━━━ Data extract

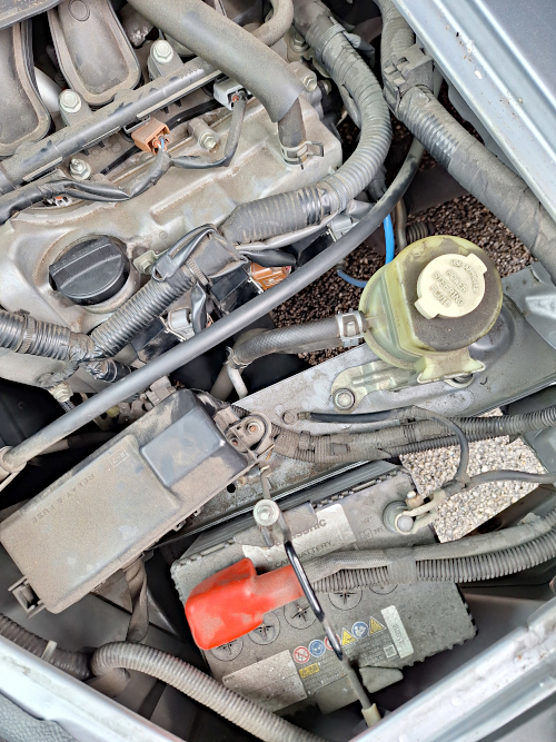 ※青丸部分のナット(12mm)を外し、パワステオイルタンクをずらすと作業しやすいです。
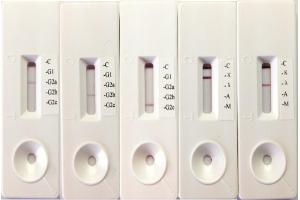 3) A red test line at the location corresponding to antibody-specific isotype and a red control line at ""C' position will appear within 1-5 minutes.
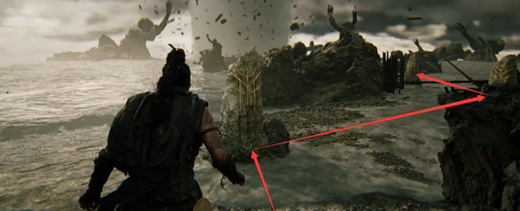 4、依次抓石碑圆环,然后冲另一个石碑,一直往前走,见到巨人就会触发剧情。
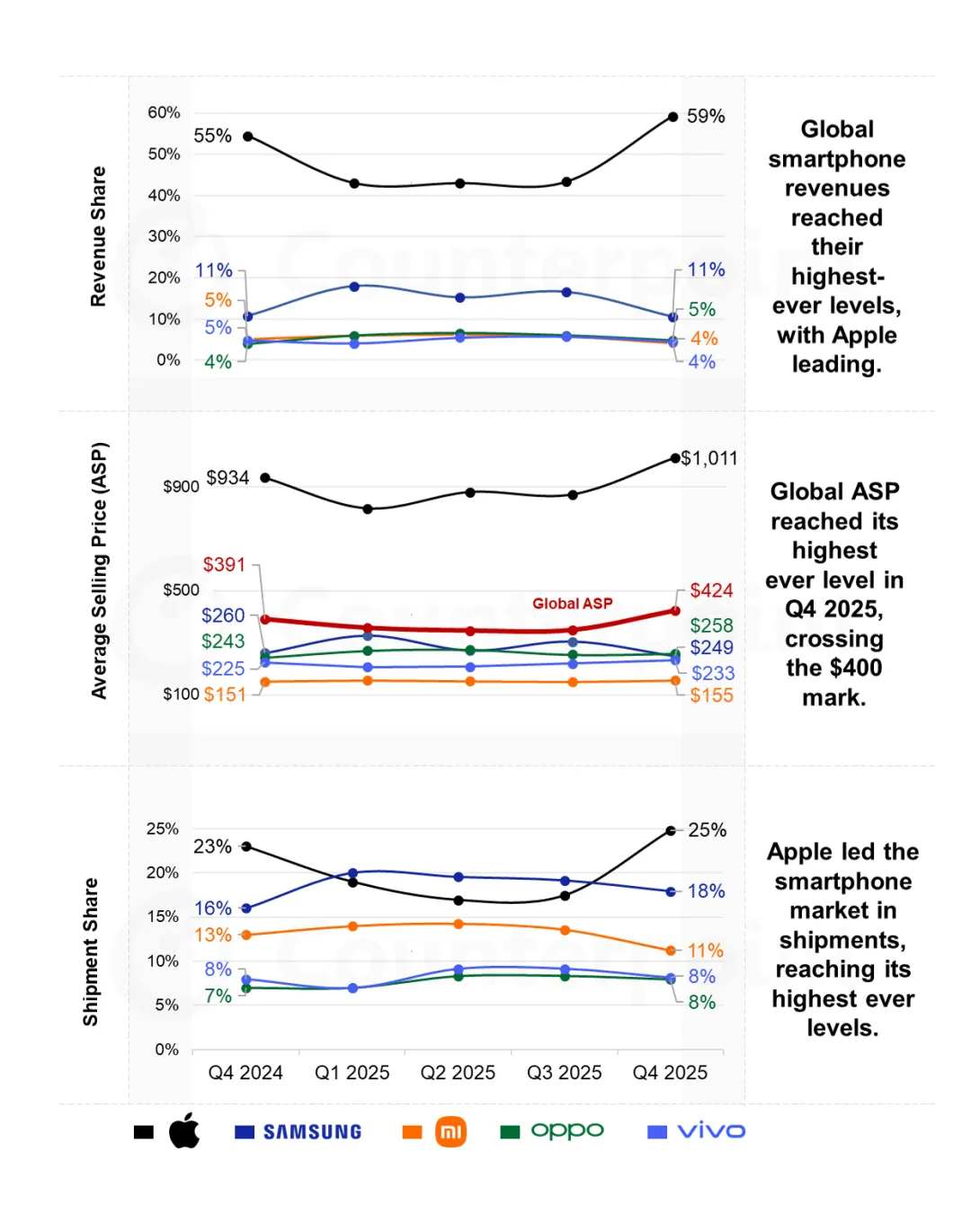 近日,著名Counterpoint数据显示2025年第四季度苹果均价超1000美元,而安卓阵营仅仅为200多美元,其中,三星249美元,oppo258美元,vivo233美元,小米155美元,仅苹果一家公司就吃下了几乎整个市场的利润。在全球市场中,我们仅仅能看到苹果,三星,oppo,vivio,小米的均价,然而华为在中国市场占据四分之一,华为的均价是多少呢?在公开的数据中我们无法得到华为的均价,但我们可以通过侧面计算出:2026年一月华为Mate80系列销售量约108万台,Nova15约60万台,Pura80系列销量约40万台,mate70系列约35万台,matex6系列约12w台,畅想80等其他机型约10万台。Mate80系列中标准版占70%,价格约4699,其他的的我们按最低版本价计算5999,nova15按最低市场价格2600元计算,Pura80按最低价格4200计算,mate70按低价4100元计算,matex6按最低9900元计算,畅想等按800元计算,那么我们可以计算得:108*0.7*4699+108*0.3*5999+60*2600+40*4200+35*4100+12*9900+10*800/(108+60+40+35+12+10) = 4316.6以上的计算都是按照最低价格计算,实际平均价格大概高于以上价格。得出华为26年1月的平均价格约4316元,这些价格是没有加上国补的,如果算上国补,实际价格也接近4000元。目前华为的低端机还没有发力,所以在机型方面大量供货的均为中高端,如此华为的均价大概4000元以上,是苹果之外最高的,也是所有品牌中最能给苹果压力的。可惜的是华为目前在国际市场上处于缺位状态,按照之前国外价格高于国内的定价策略,如果国际市场能打开,华为的平均价格大概是能达到5000元,虽然可能无法达到苹果的价格,但无可置疑的是妥妥的高端远超一众安卓厂商。
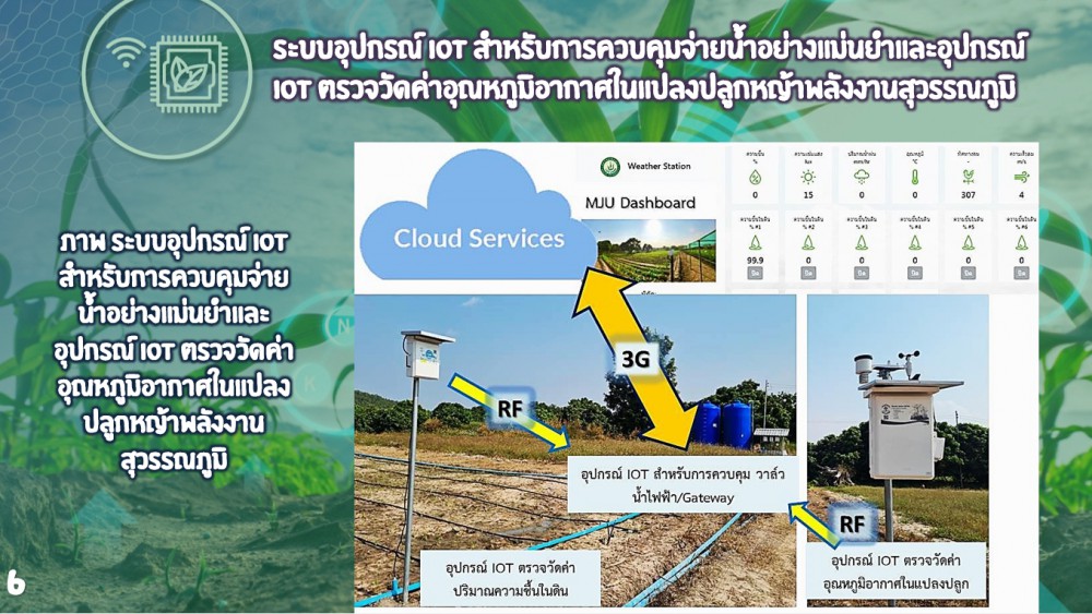 ด้วยเหตุนี้นักศึกษาสาขาวิศวกรรมเกษตร คณะวิศวกรรมและอุตสาหกรรมเกษตร ประกอบด้วย นางสาววรัมพร ใจหมั้น, นางสาวศิริญญา บุญรอด, นางสาวจันทนิภา ชัยธีรเดช, นายทัตเทพ ไพรพฤกษ์ และนายภูทกฤต เชื้อประดิษฐ์ โดยมี ผศ.ดร.โชติพงศ์ กาญจนประโชติ, ผศ.ดร.ปารวี กาญจนประโชติ และ รศ.ดร.สุเนตร สืบค้า เป็นอาจารย์ที่ปรึกษา ได้ทำโครงการศึกษาวิจัยโดยประยุกต์ใช้อุปกรณ์ IOT เซ็นเซอร์ทางการเกษตรสำหรับการเพาะปลูกหญ้าพลังงานสุวรรณภูมิแบบแม่นยำ และการพัฒนาสมการพยากรณ์วันเก็บเกี่ยวที่เหมาะสม ด้วยเทคนิคผลรวมอุณหภูมิความร้อนเฉลี่ย (Heat Sum) ทำให้ได้สมการพยากรณ์วันเก็บเกี่ยวที่แม่นยำ ได้ผลผลิตเพิ่ม ช่วยให้เกษตรกรมีรายได้สูงขึ้น
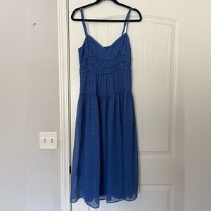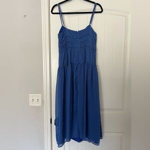 Blue printed crepe (100% Polyester). Hourglass. Sleeveless. Sweetheart neckline. Hidden back zipper closure. Fully lined. 47" from shoulder to hemline.
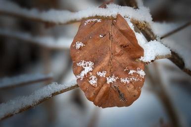 Keywords: leaf leaves dry branch alone snowy winter snow nature silent rest close
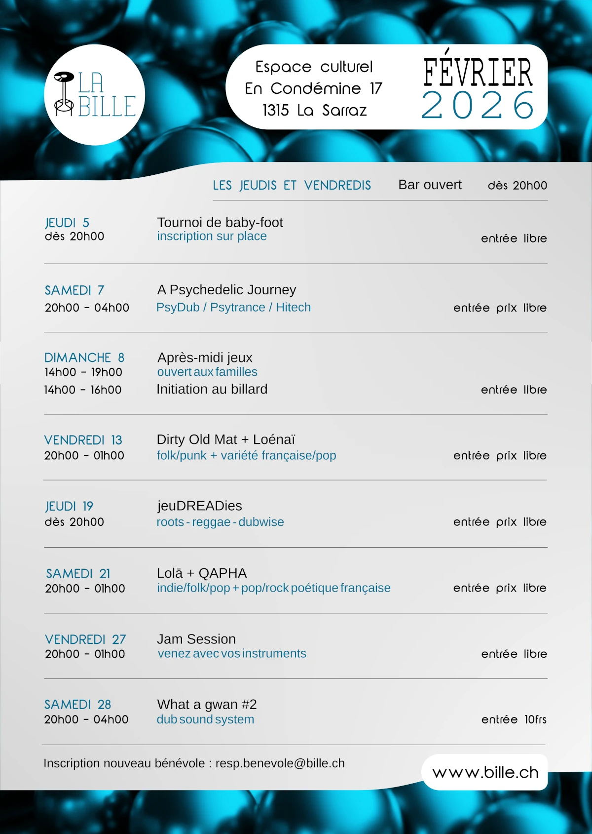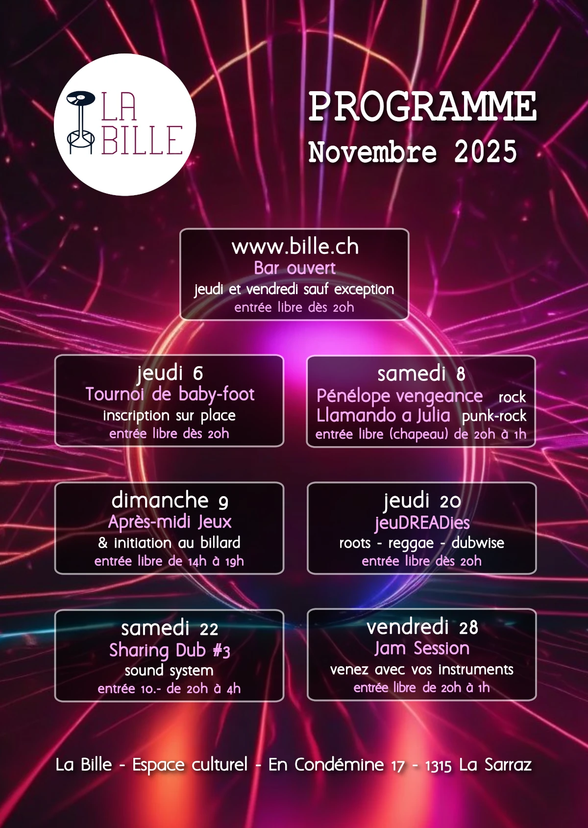 La Bille est un espace culturel situé dans la zone artisanale de La Filature au bord de la Venoge à La Sarraz. Nous vous proposons divers événements, concerts, dj’s, animations, performances artistiques, expositions et jeux. Le tout dans un cadre atypique doté d’un bar, d’une salle événementielle, d’un espace détente et d’un coin billard, baby-foot et flipper. C’est un lieu multiculturel propice aux échanges humains et aux découvertes de toutes sortes.
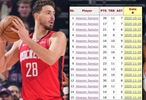 在本赛季之前,NBA历史上没有任何一位中锋球员做到过这一点。而这赛季,约基奇(连续17场)和申京都做到了。
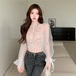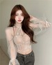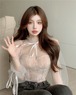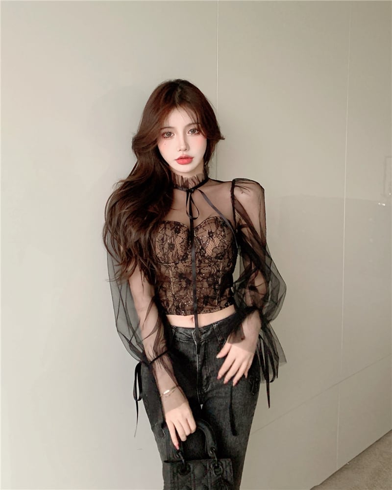 刺繍シアーシャツ レディース 長袖 シャツ クロップド丈 コルセット風 刺繡 透け感 シアー チョーカー風 リボン セクシー タイト 白 黒 デート お出かけ 女子会 春 夏10代 20代 女性 大人 コーデ コーディネート 韓国 ファッション オルチャン お取り寄せ 送料無料 hll-1436
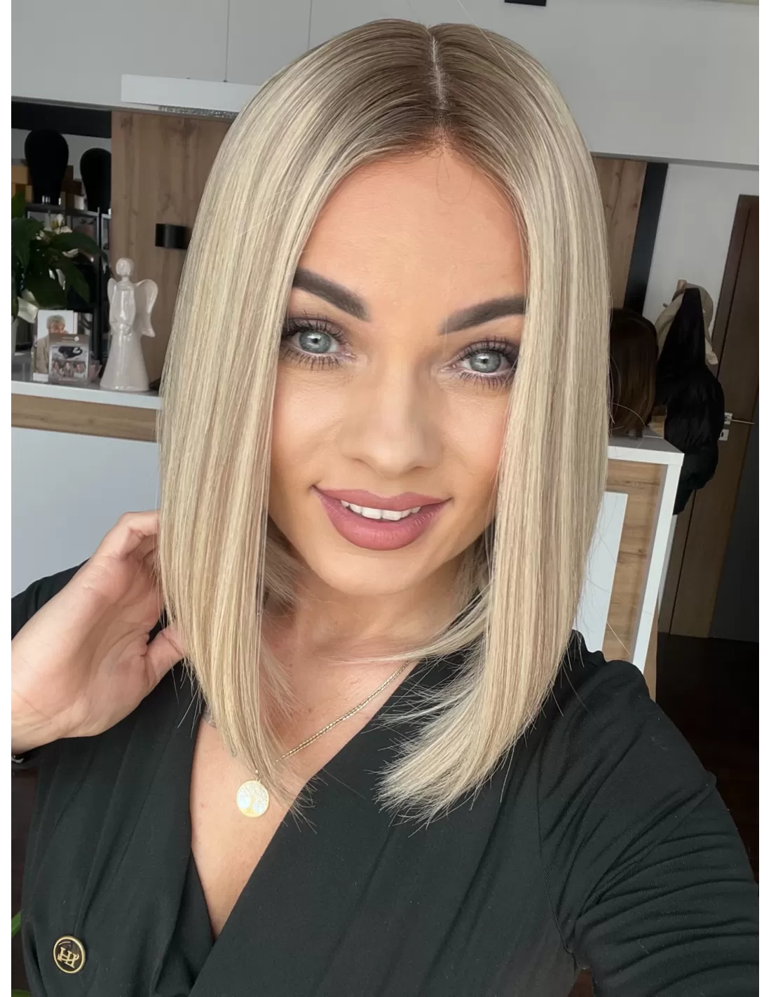 Włosy mają chłodny odcień blondu z subtelnym balejażem oraz delikatnym odrostem w kolorze chłodnego, średniego blondu, co dodaje fryzurze głębi i realistycznego wyglądu.
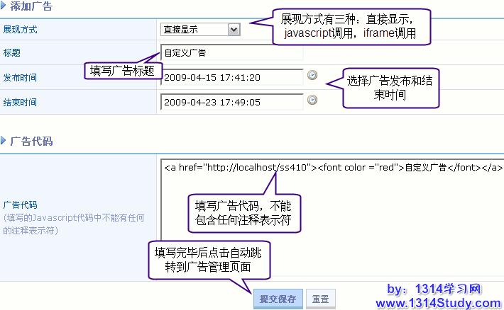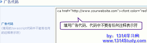 广告代码广告,如果广告类型选择“广告代码”,将看到:
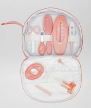- 9 accessoires essentiels pour prendre soin de bébé: un thermomètre digital avec embout souple, un mouche bébé par aspiration buccale (avec réservoir anti-retour de sécrétions), une paire de ciseaux à bout arrondi, un coupe ongle, une lime à ongle, un thermomètre de bain, une brosse douce, un anneau de dentition réfrigérable et un masseur de gencives.

━━━━━━

● Requirement
In the reply, every line of the material above is to be reproduced verbatim, and the images are to be left out.

● Reply
 ※青丸部分のナット(12mm)を外し、パワステオイルタンクをずらすと作業しやすいです。
 3) A red test line at the location corresponding to antibody-specific isotype and a red control line at ""C' position will appear within 1-5 minutes.
 4、依次抓石碑圆环,然后冲另一个石碑,一直往前走,见到巨人就会触发剧情。
 近日,著名Counterpoint数据显示2025年第四季度苹果均价超1000美元,而安卓阵营仅仅为200多美元,其中,三星249美元,oppo258美元,vivo233美元,小米155美元,仅苹果一家公司就吃下了几乎整个市场的利润。在全球市场中,我们仅仅能看到苹果,三星,oppo,vivio,小米的均价,然而华为在中国市场占据四分之一,华为的均价是多少呢?在公开的数据中我们无法得到华为的均价,但我们可以通过侧面计算出:2026年一月华为Mate80系列销售量约108万台,Nova15约60万台,Pura80系列销量约40万台,mate70系列约35万台,matex6系列约12w台,畅想80等其他机型约10万台。Mate80系列中标准版占70%,价格约4699,其他的的我们按最低版本价计算5999,nova15按最低市场价格2600元计算,Pura80按最低价格4200计算,mate70按低价4100元计算,matex6按最低9900元计算,畅想等按800元计算,那么我们可以计算得:108*0.7*4699+108*0.3*5999+60*2600+40*4200+35*4100+12*9900+10*800/(108+60+40+35+12+10) = 4316.6以上的计算都是按照最低价格计算,实际平均价格大概高于以上价格。得出华为26年1月的平均价格约4316元,这些价格是没有加上国补的,如果算上国补,实际价格也接近4000元。目前华为的低端机还没有发力,所以在机型方面大量供货的均为中高端,如此华为的均价大概4000元以上,是苹果之外最高的,也是所有品牌中最能给苹果压力的。可惜的是华为目前在国际市场上处于缺位状态,按照之前国外价格高于国内的定价策略,如果国际市场能打开,华为的平均价格大概是能达到5000元,虽然可能无法达到苹果的价格,但无可置疑的是妥妥的高端远超一众安卓厂商。
 ด้วยเหตุนี้นักศึกษาสาขาวิศวกรรมเกษตร คณะวิศวกรรมและอุตสาหกรรมเกษตร ประกอบด้วย นางสาววรัมพร ใจหมั้น, นางสาวศิริญญา บุญรอด, นางสาวจันทนิภา ชัยธีรเดช, นายทัตเทพ ไพรพฤกษ์ และนายภูทกฤต เชื้อประดิษฐ์ โดยมี ผศ.ดร.โชติพงศ์ กาญจนประโชติ, ผศ.ดร.ปารวี กาญจนประโชติ และ รศ.ดร.สุเนตร สืบค้า เป็นอาจารย์ที่ปรึกษา ได้ทำโครงการศึกษาวิจัยโดยประยุกต์ใช้อุปกรณ์ IOT เซ็นเซอร์ทางการเกษตรสำหรับการเพาะปลูกหญ้าพลังงานสุวรรณภูมิแบบแม่นยำ และการพัฒนาสมการพยากรณ์วันเก็บเกี่ยวที่เหมาะสม ด้วยเทคนิคผลรวมอุณหภูมิความร้อนเฉลี่ย (Heat Sum) ทำให้ได้สมการพยากรณ์วันเก็บเกี่ยวที่แม่นยำ ได้ผลผลิตเพิ่ม ช่วยให้เกษตรกรมีรายได้สูงขึ้น
 Blue printed crepe (100% Polyester). Hourglass. Sleeveless. Sweetheart neckline. Hidden back zipper closure. Fully lined. 47" from shoulder to hemline.
 Keywords: leaf leaves dry branch alone snowy winter snow nature silent rest close
 La Bille est un espace culturel situé dans la zone artisanale de La Filature au bord de la Venoge à La Sarraz. Nous vous proposons divers événements, concerts, dj’s, animations, performances artistiques, expositions et jeux. Le tout dans un cadre atypique doté d’un bar, d’une salle événementielle, d’un espace détente et d’un coin billard, baby-foot et flipper. C’est un lieu multiculturel propice aux échanges humains et aux découvertes de toutes sortes.
 在本赛季之前,NBA历史上没有任何一位中锋球员做到过这一点。而这赛季,约基奇(连续17场)和申京都做到了。
 刺繍シアーシャツ レディース 長袖 シャツ クロップド丈 コルセット風 刺繡 透け感 シアー チョーカー風 リボン セクシー タイト 白 黒 デート お出かけ 女子会 春 夏10代 20代 女性 大人 コーデ コーディネート 韓国 ファッション オルチャン お取り寄せ 送料無料 hll-1436
 Włosy mają chłodny odcień blondu z subtelnym balejażem oraz delikatnym odrostem w kolorze chłodnego, średniego blondu, co dodaje fryzurze głębi i realistycznego wyglądu.
 广告代码广告,如果广告类型选择“广告代码”,将看到:
- 9 accessoires essentiels pour prendre soin de bébé: un thermomètre digital avec embout souple, un mouche bébé par aspiration buccale (avec réservoir anti-retour de sécrétions), une paire de ciseaux à bout arrondi, un coupe ongle, une lime à ongle, un thermomètre de bain, une brosse douce, un anneau de dentition réfrigérable et un masseur de gencives.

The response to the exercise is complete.